--- What is being asked ---
Return the stretch from the line with "This striking design" through the line with "You might remember" in the data below, character for character, skipping all pictures.

--- Data section ---
=====
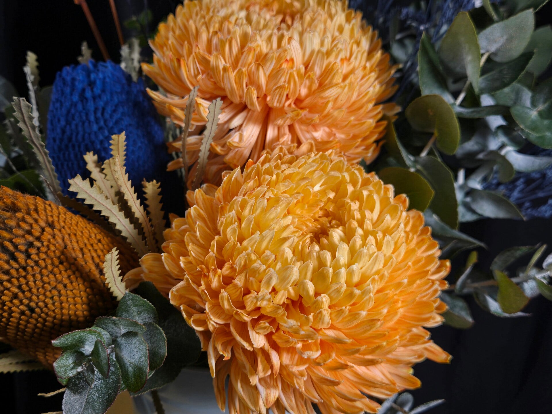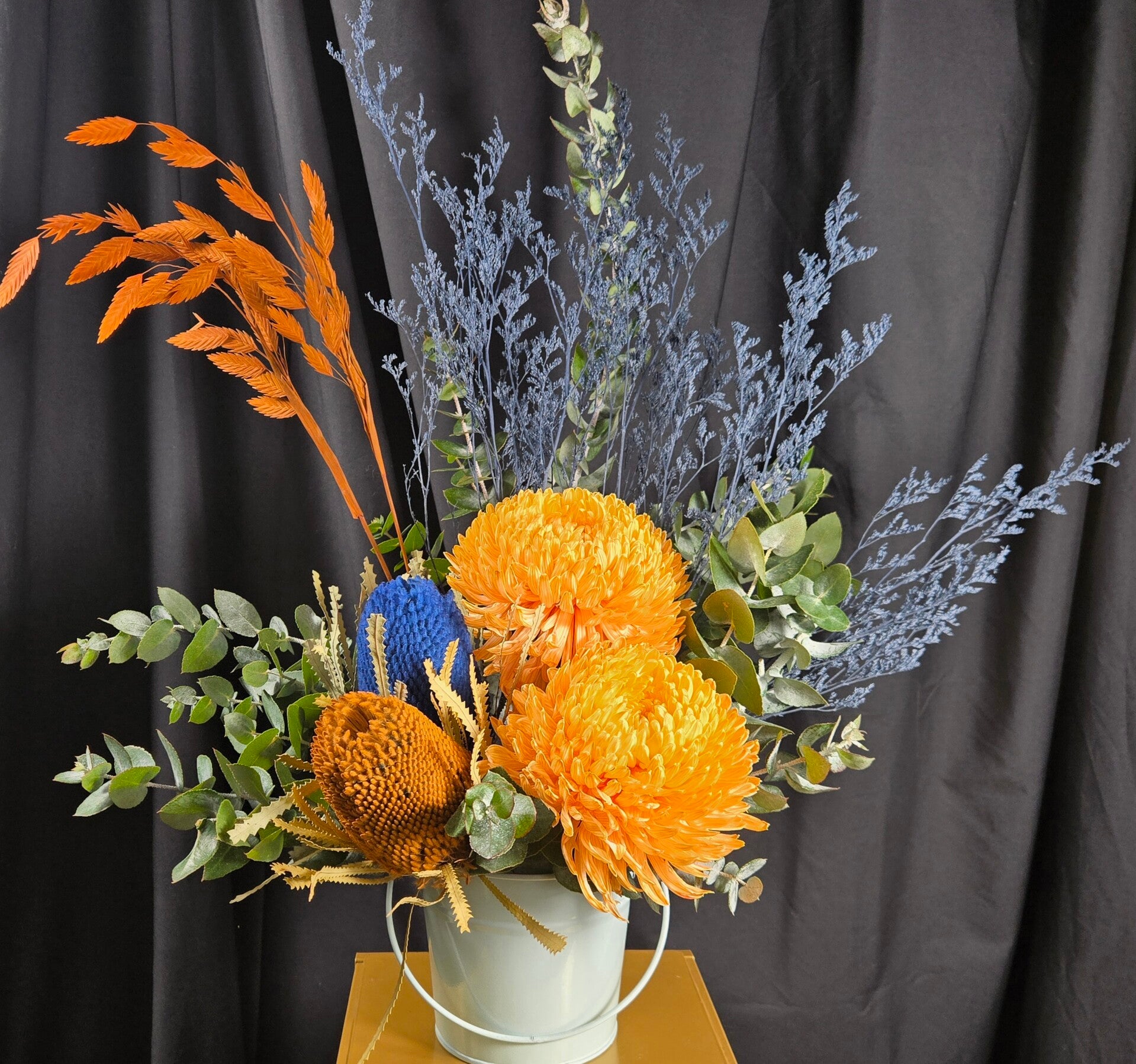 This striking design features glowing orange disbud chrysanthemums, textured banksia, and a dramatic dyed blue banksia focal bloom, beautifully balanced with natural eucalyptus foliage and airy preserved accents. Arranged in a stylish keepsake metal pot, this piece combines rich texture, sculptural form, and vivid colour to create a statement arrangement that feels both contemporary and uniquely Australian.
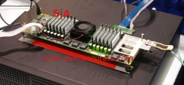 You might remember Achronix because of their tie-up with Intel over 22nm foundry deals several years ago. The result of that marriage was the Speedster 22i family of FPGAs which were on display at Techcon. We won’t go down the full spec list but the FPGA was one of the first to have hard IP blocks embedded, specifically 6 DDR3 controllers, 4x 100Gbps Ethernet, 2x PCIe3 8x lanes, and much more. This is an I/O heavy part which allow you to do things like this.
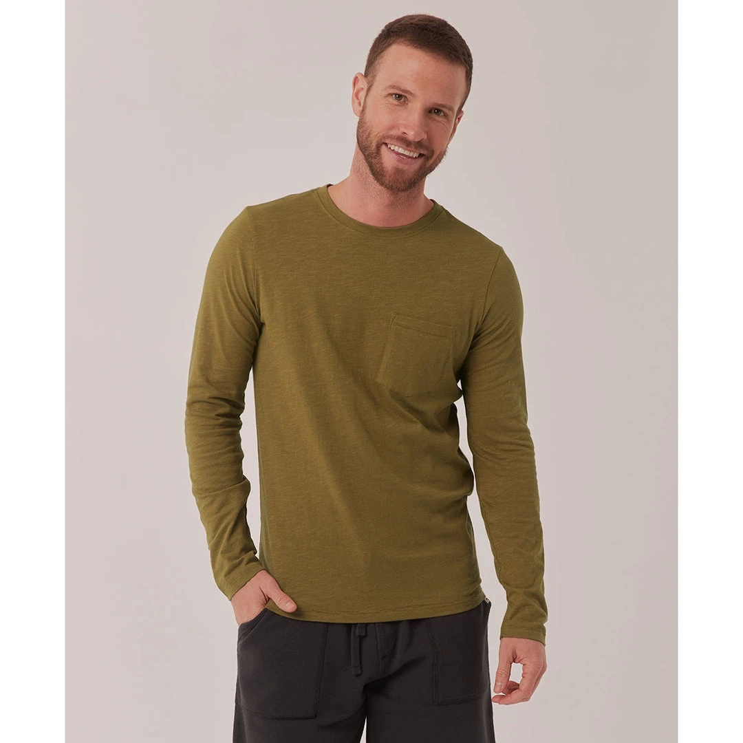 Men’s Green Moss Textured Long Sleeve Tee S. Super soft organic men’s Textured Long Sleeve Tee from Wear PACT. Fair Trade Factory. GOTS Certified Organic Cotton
=====
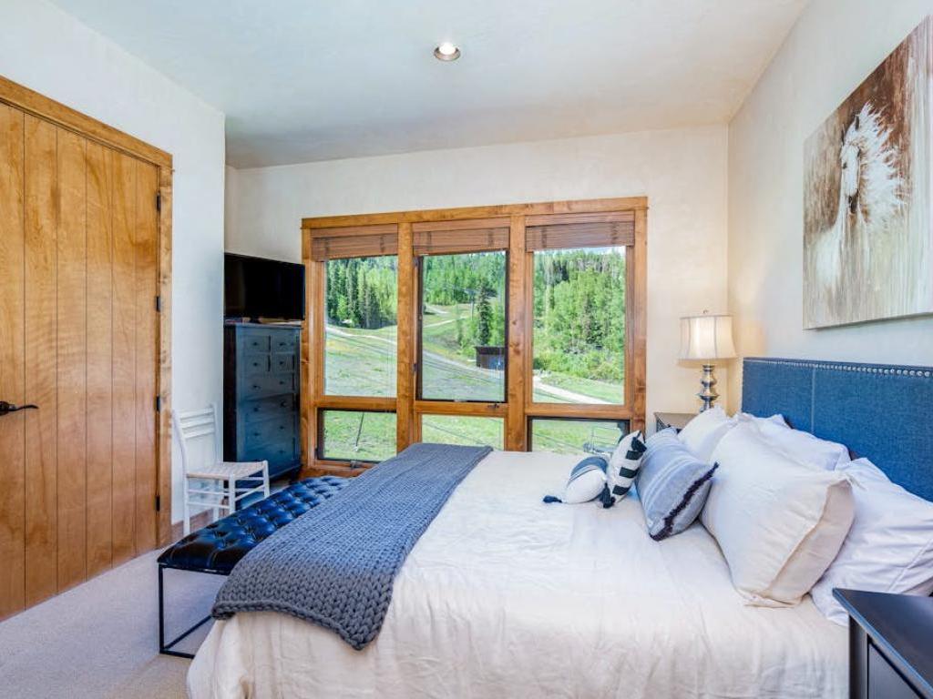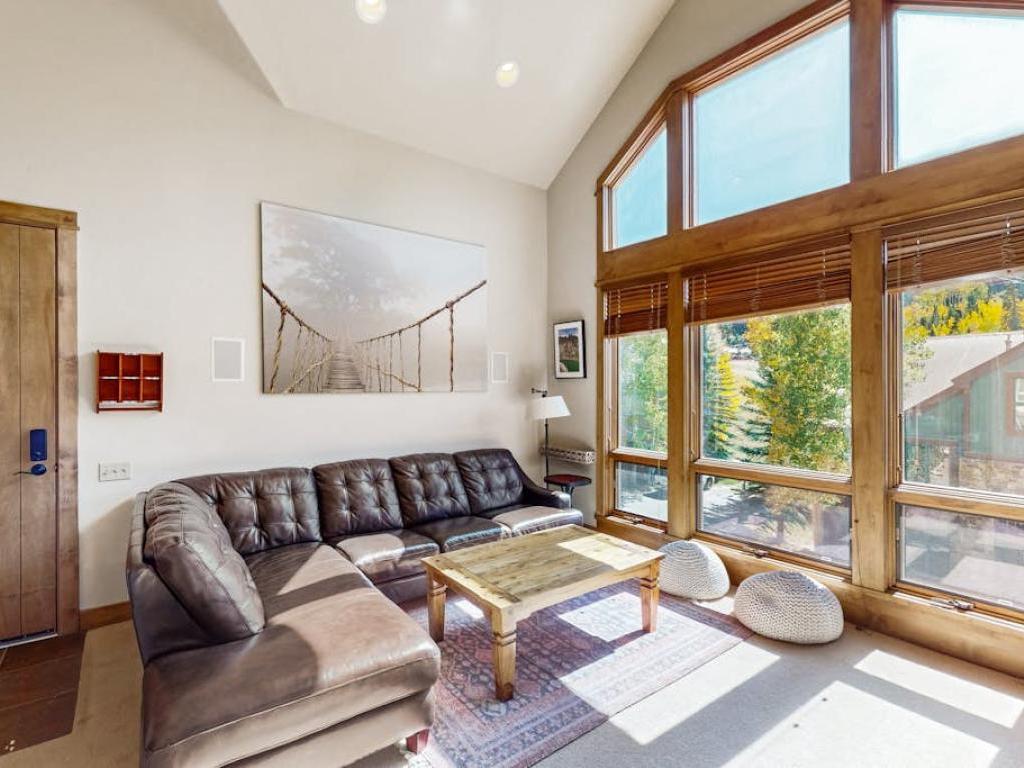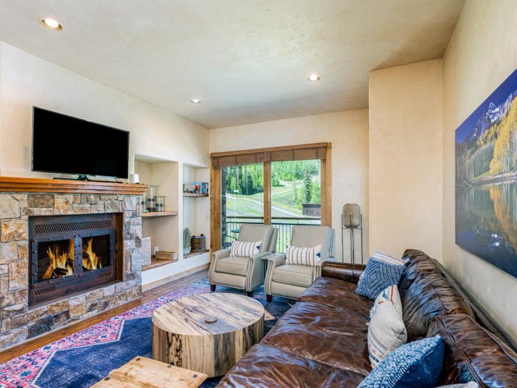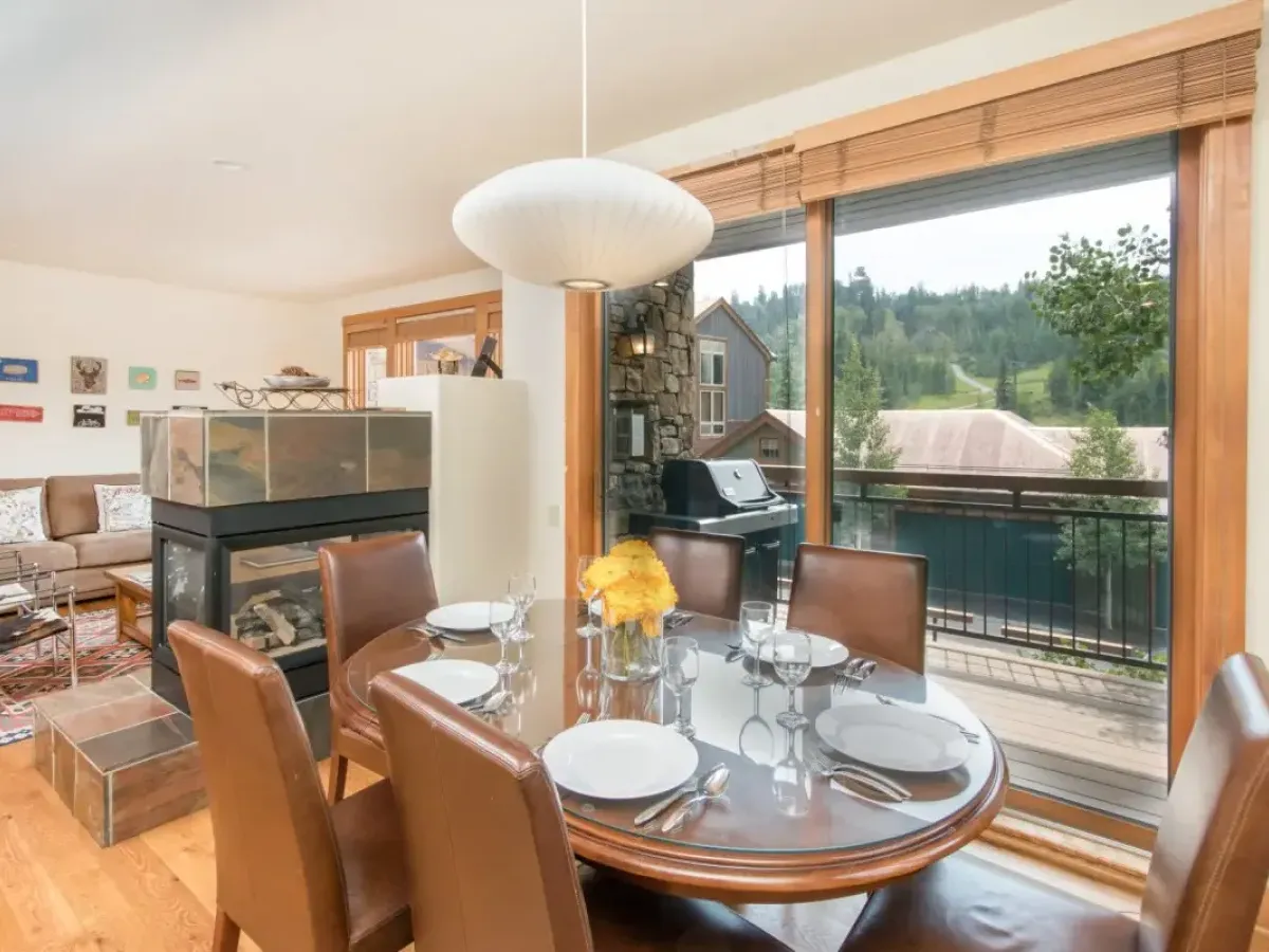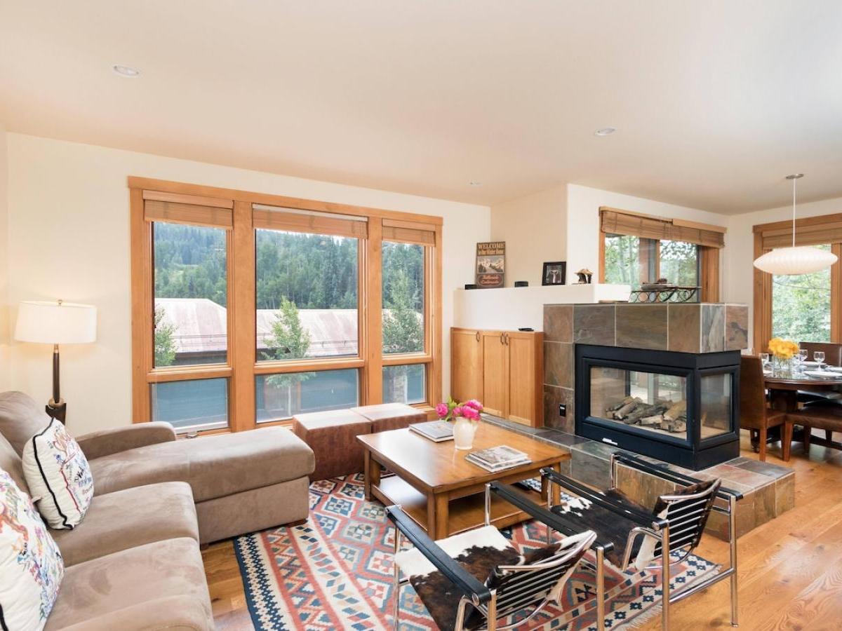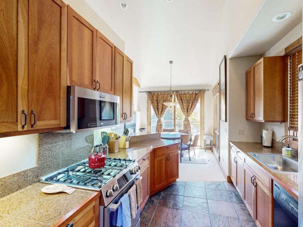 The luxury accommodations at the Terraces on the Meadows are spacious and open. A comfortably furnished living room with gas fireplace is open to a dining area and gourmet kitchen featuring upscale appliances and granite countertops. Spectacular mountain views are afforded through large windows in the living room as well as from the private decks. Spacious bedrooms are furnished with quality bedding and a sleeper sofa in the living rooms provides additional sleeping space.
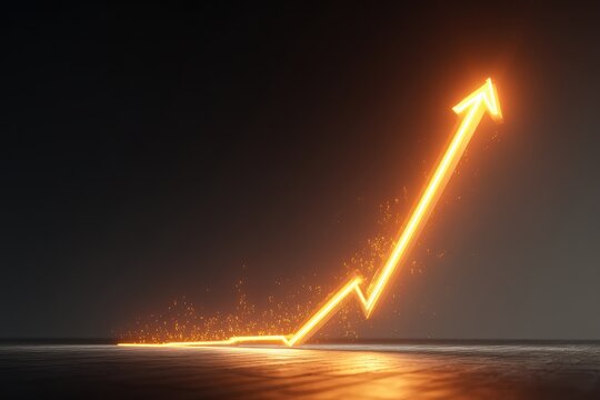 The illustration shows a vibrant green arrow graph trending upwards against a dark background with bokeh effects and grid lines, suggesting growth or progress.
=====
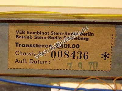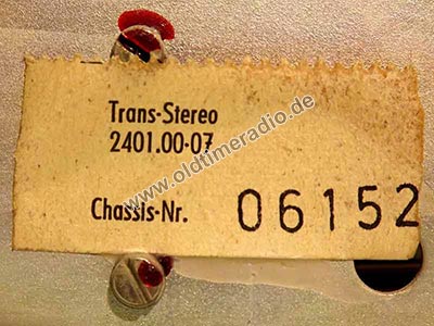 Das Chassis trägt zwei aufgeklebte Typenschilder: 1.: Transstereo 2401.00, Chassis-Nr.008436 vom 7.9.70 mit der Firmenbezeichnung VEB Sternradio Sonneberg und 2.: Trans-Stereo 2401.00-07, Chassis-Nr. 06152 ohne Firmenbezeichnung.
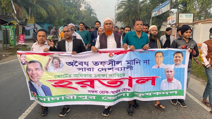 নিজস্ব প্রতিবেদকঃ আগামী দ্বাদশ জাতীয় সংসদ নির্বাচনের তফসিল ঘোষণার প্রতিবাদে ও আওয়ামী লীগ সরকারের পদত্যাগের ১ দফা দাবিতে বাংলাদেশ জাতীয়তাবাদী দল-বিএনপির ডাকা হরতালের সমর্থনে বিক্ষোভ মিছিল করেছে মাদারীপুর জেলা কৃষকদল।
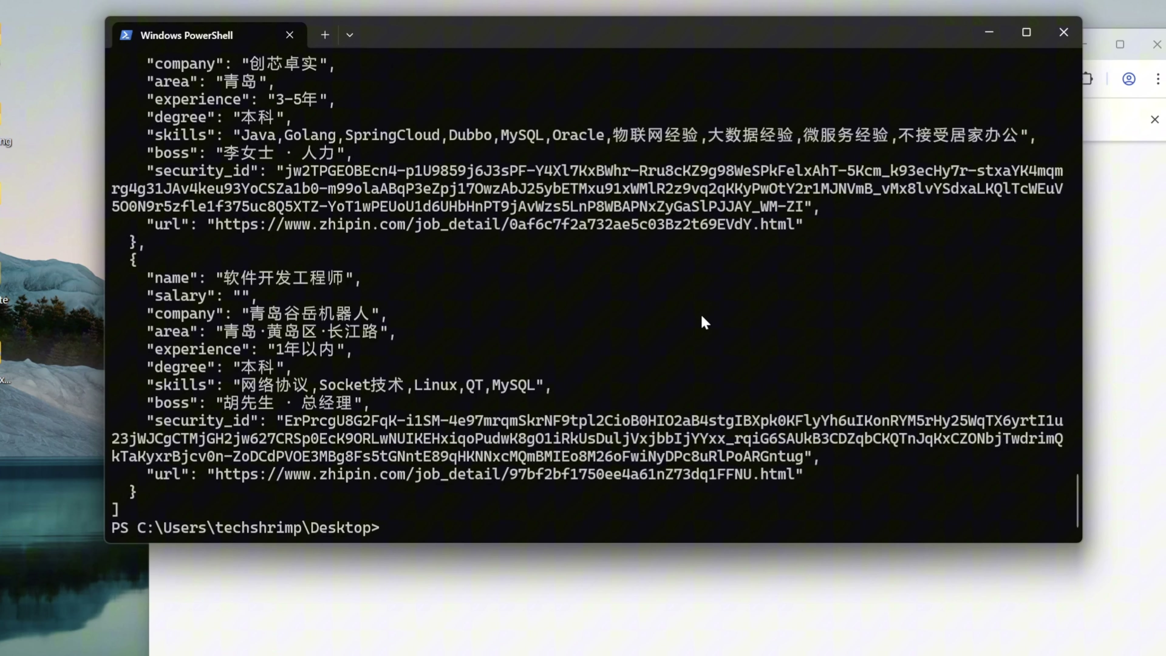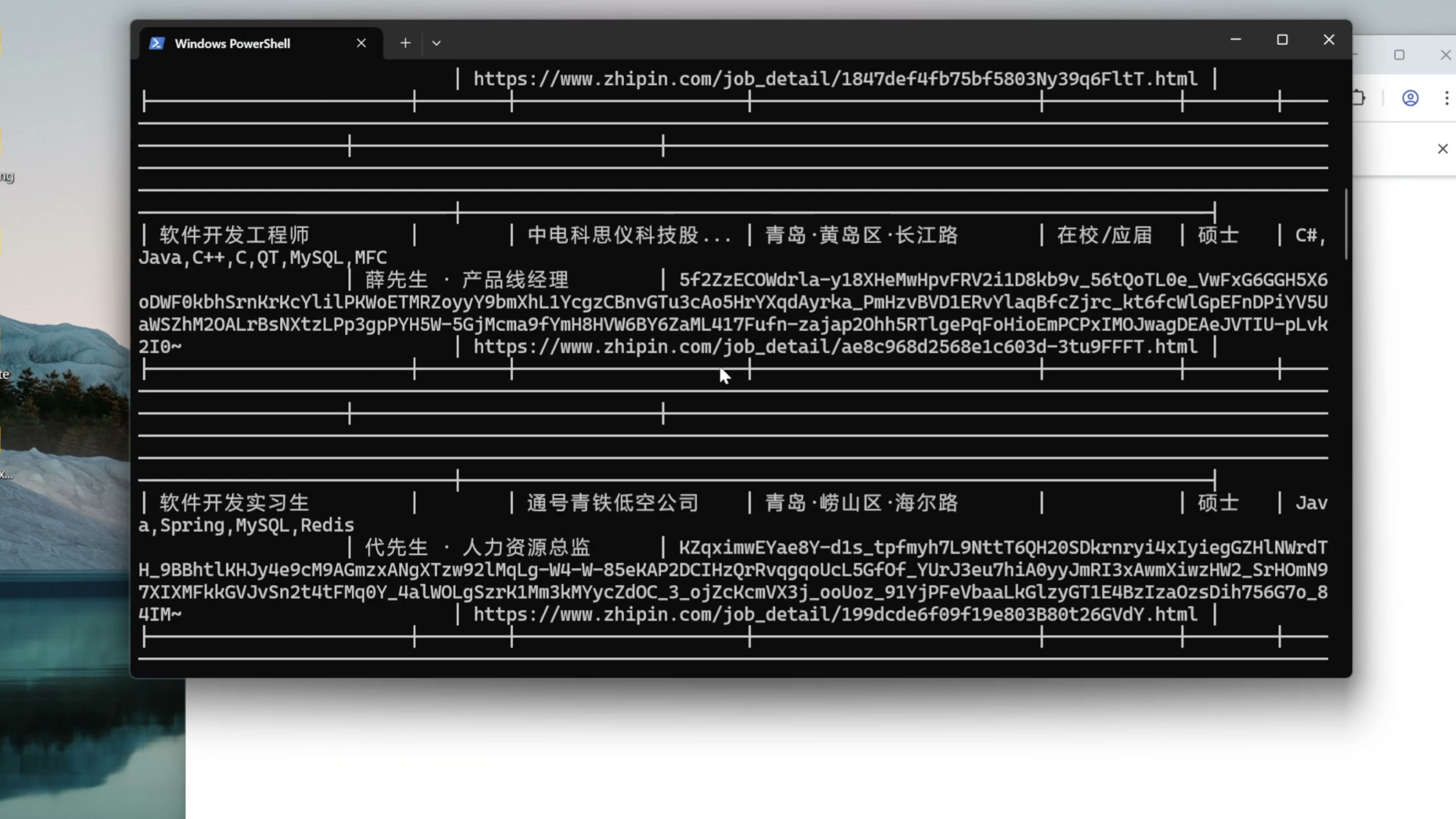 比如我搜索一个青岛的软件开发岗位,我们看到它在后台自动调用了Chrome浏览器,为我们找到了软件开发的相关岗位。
=====
--- Solution for this exercise ---
 This striking design features glowing orange disbud chrysanthemums, textured banksia, and a dramatic dyed blue banksia focal bloom, beautifully balanced with natural eucalyptus foliage and airy preserved accents. Arranged in a stylish keepsake metal pot, this piece combines rich texture, sculptural form, and vivid colour to create a statement arrangement that feels both contemporary and uniquely Australian.
 You might remember Achronix because of their tie-up with Intel over 22nm foundry deals several years ago. The result of that marriage was the Speedster 22i family of FPGAs which were on display at Techcon. We won’t go down the full spec list but the FPGA was one of the first to have hard IP blocks embedded, specifically 6 DDR3 controllers, 4x 100Gbps Ethernet, 2x PCIe3 8x lanes, and much more. This is an I/O heavy part which allow you to do things like this.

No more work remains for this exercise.